SparkQA · 2020-02-02T06:56:05Z

Test build #117724 has finished for PR 27428 at commit 5c38bbe.

This patch passes all tests.
This patch merges cleanly.
This patch adds no public classes.

SparkQA · 2020-02-02T12:38:24Z

Test build #117737 has finished for PR 27428 at commit a6498f9.

This patch passes all tests.
This patch merges cleanly.
This patch adds no public classes.

beliefer · 2020-02-04T11:55:27Z

cc @cloud-fan

SparkQA · 2020-02-07T08:05:01Z

Test build #118021 has finished for PR 27428 at commit c6caf73.

This patch fails due to an unknown error code, -9.
This patch merges cleanly.
This patch adds the following public classes (experimental):
case class AliasIdentifier(name: String, qualifier: Seq[String])
class LegacyDateFormatter(pattern: String, locale: Locale) extends DateFormatter
class LegacyTimestampFormatter(
case class PlanAdaptiveSubqueries(subqueryMap: Map[Long, SubqueryExec]) extends Rule[SparkPlan]

beliefer · 2020-02-07T09:09:18Z

retest this please

SparkQA · 2020-02-07T09:30:11Z

Test build #118027 has finished for PR 27428 at commit c6caf73.

This patch fails Spark unit tests.
This patch merges cleanly.
This patch adds the following public classes (experimental):
case class AliasIdentifier(name: String, qualifier: Seq[String])
class LegacyDateFormatter(pattern: String, locale: Locale) extends DateFormatter
class LegacyTimestampFormatter(
case class PlanAdaptiveSubqueries(subqueryMap: Map[Long, SubqueryExec]) extends Rule[SparkPlan]

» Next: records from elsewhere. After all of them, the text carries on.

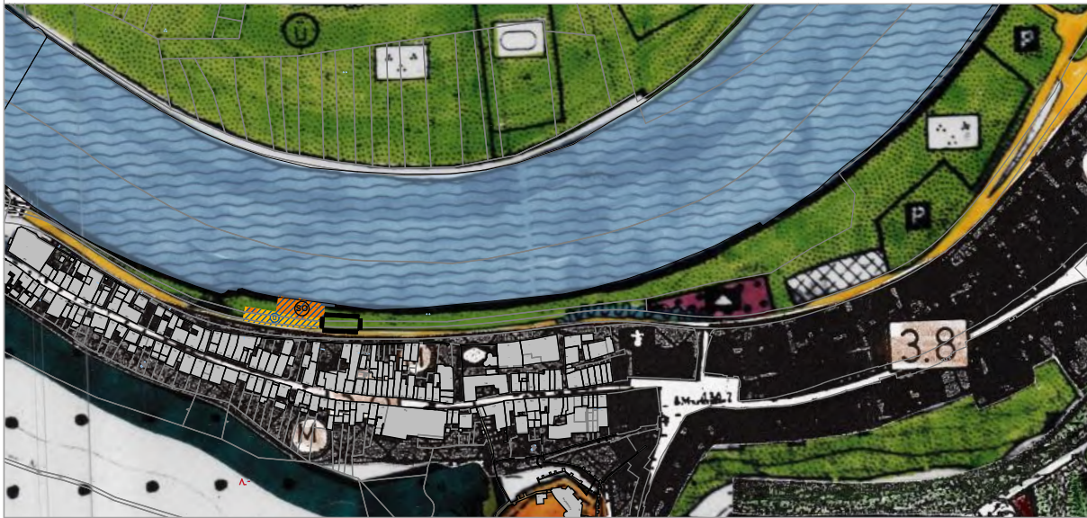
Ausschnitt aus der aktuellen Fassung des FNP der Stadt Miltenberg (Bereich der Erweiterung des Bebauungsplans "Verkaufspavillon Mainpier") mit Kennzeichnung des Geltungsbereichs der Erweiterung
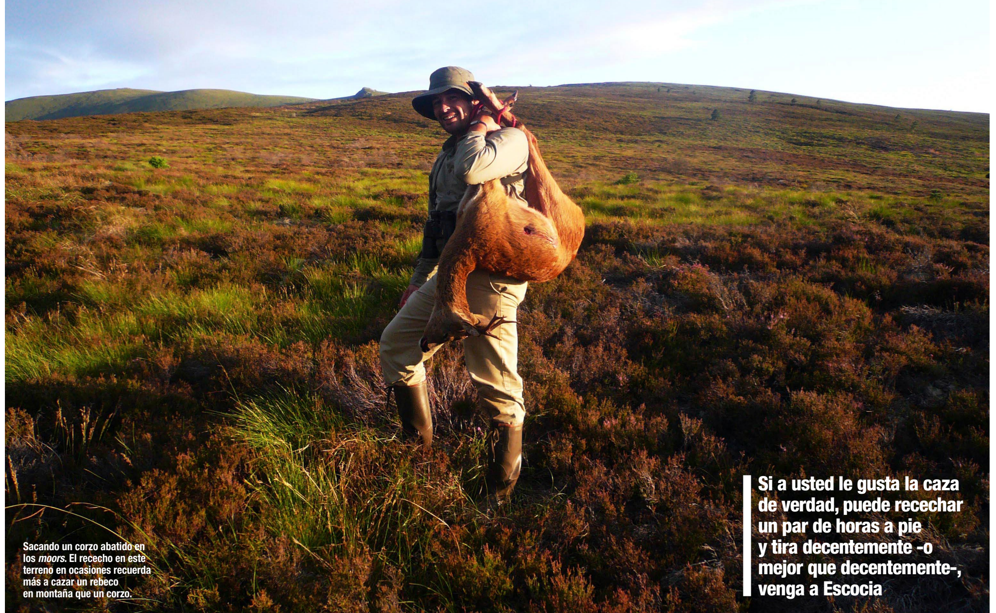
Sacando un corzo abatido en los moors. El rececho en este terreno en ocasiones recuerda más a cazar un rebeco en montaña que un corzo.

Si a usted le gusta la caza de verdad, puede recechar un par de horas a pie y tira decentemente -o mejor que decentemente-, venga a Escocia
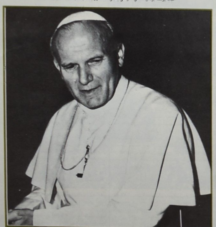
الفاتيكان لا يقبل بـ «قدس بهودية» ويتحدث عن «حل مِبتكر»!

الدابا بوهنا بولس الثاني .. ومثى يتجل الشعور بالذنب، تجاه الظبيطينين كشعب
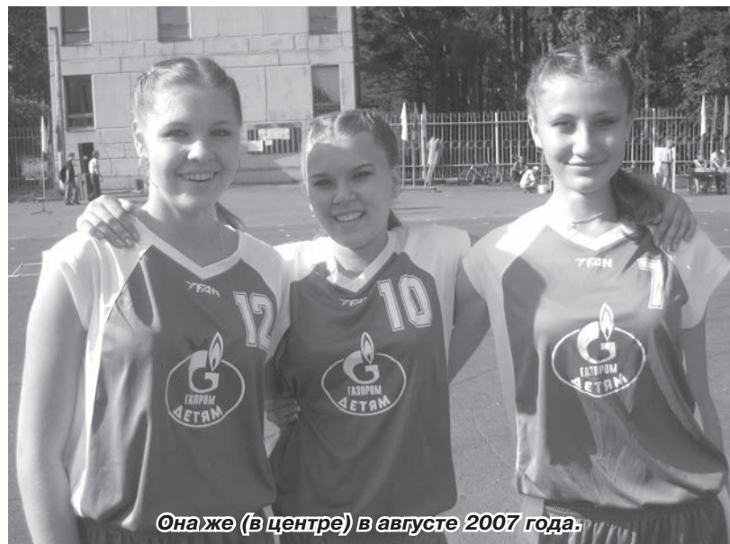
Она же (в центре) в августе 2007 года.

– О! Баскетбол – игра просто замечательная! Баскетбол – это ответственность и разнообразие движений, положенных в его основу, как, например, бег, прыжки, броски, пе-
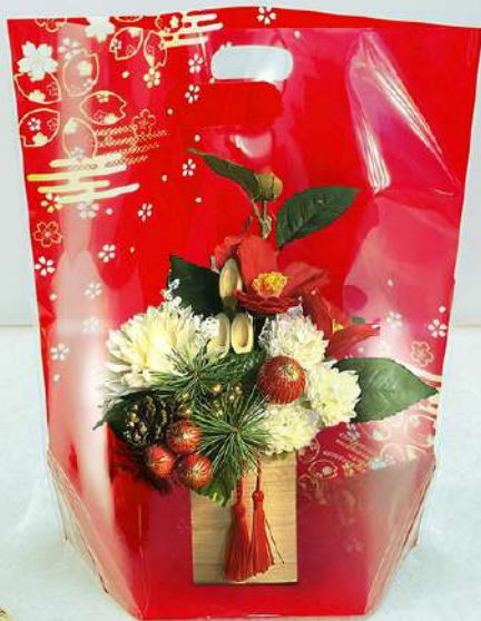
クイックギフトバック L 彩華 赤

コード:72734 品名:L 彩華 黒 番手:OP30/CP30 サイズ: 400*420 (90GZ) 穴:0 入数:5.00
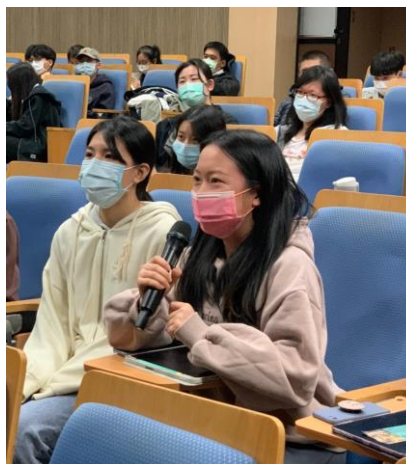
同學針對人員如何有效管理進行提問
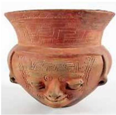
Figura 23- Vasija sonriente de la región de Guanacaste, Costa Rica, propiedad del Museo de Jade del INS, semejante en su forma y expresión a las Sonrientes del sitio de Las Remojadas, México.

Volviendo a Costa Rica, tal y como lo precisan Fernando Camacho Mora y Jeffry Peytrequín Gómez en un documento titulado: Acercamiento a la cerámica precolombina de Guanacaste, Costa Rica. Un recuento, "la secuencia cronológica precolombina para el actual Guanacaste se ha hecho realizando asociaciones tanto con datos cerámicos como con fechas calibradas de Carbono 14 (C14) . Figura 23
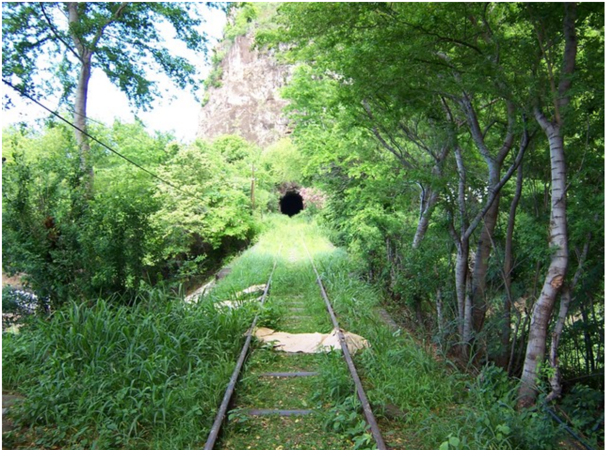
La sortie du tunnel, avec la voie toujours présente mais qui s'arrête quelques mètres plus loin (15/01/2005)
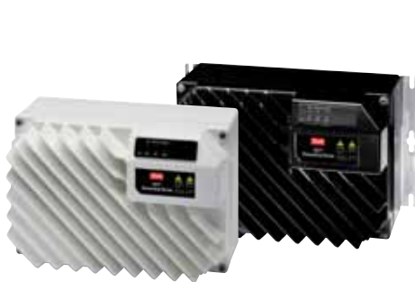
VLT® Decentral Drive FCD 302
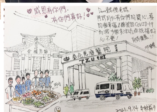
將護理同仁親手繪製的卡片送給懿德爸媽；向爸媽道謝。
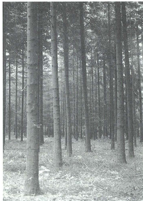
Douglas uit financieel oogpunt aantrekkelijk?

aantrekkelijker (voordeliger) te maken en zo de uitvoering te stimuleren. Het is namelijk mogelijk om voor groenprojecten geld te lenen tegen gereduceerde rentepercentages in plaats van tegen de heersende marktrente. Met andere woorden, het gaat dus om goedkope leningen. Hoe werkt de groenregeling? Ze zorgt ervoor dat particulieren vrijgesteld zijn van inkomstenbelasting als ze rente en dividend ontvangen uit milieuvriendelijke beleggingen. Om daarvoor in aanmerking te komen moet de belegging aan twee eisen
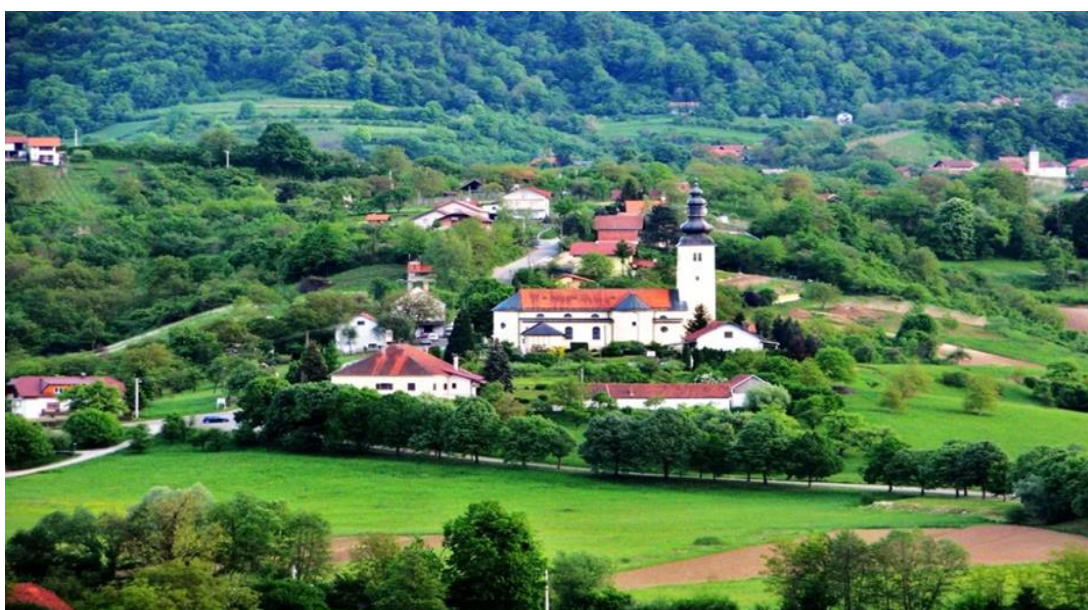
Slika 1. Fotografski prikaz općine Gornja Stubica

Općina Gornja Stubica osnovana 1993. godine, smještena je na sjevernim obroncima park-šume Medvednice s površinom od 50 km 2 . Po posljednjem popisu stanovništva iz 2001. godine, općina Gornja Stubica imala je 5.726 stanovnika. Najnaseljenija su područja u središnjem dijelu općine. Gornja Stubica prvi puta se spominje davne 1209. godine, smatra se da je to prvi pisani dokument u kojem se spominje mjesto a i župa Sv. Jurja. (Općina Gornja Stubica, n.d.)

SparkQA · 2020-02-07T16:13:05Z

Test build #118033 has finished for PR 27428 at commit cd00f91.

This patch passes all tests.
This patch merges cleanly.
This patch adds no public classes.

HyukjinKwon · 2020-02-24T09:01:54Z

cc @hvanhovell

beliefer · 2020-04-13T10:34:06Z

retest this please

SparkQA · 2020-04-13T13:16:15Z

Test build #121200 has finished for PR 27428 at commit cd00f91.

This patch fails Spark unit tests.
This patch merges cleanly.
This patch adds no public classes.

beliefer · 2020-04-13T15:12:19Z

retest this please

SparkQA · 2020-04-13T20:12:59Z

Test build #121216 has finished for PR 27428 at commit cd00f91.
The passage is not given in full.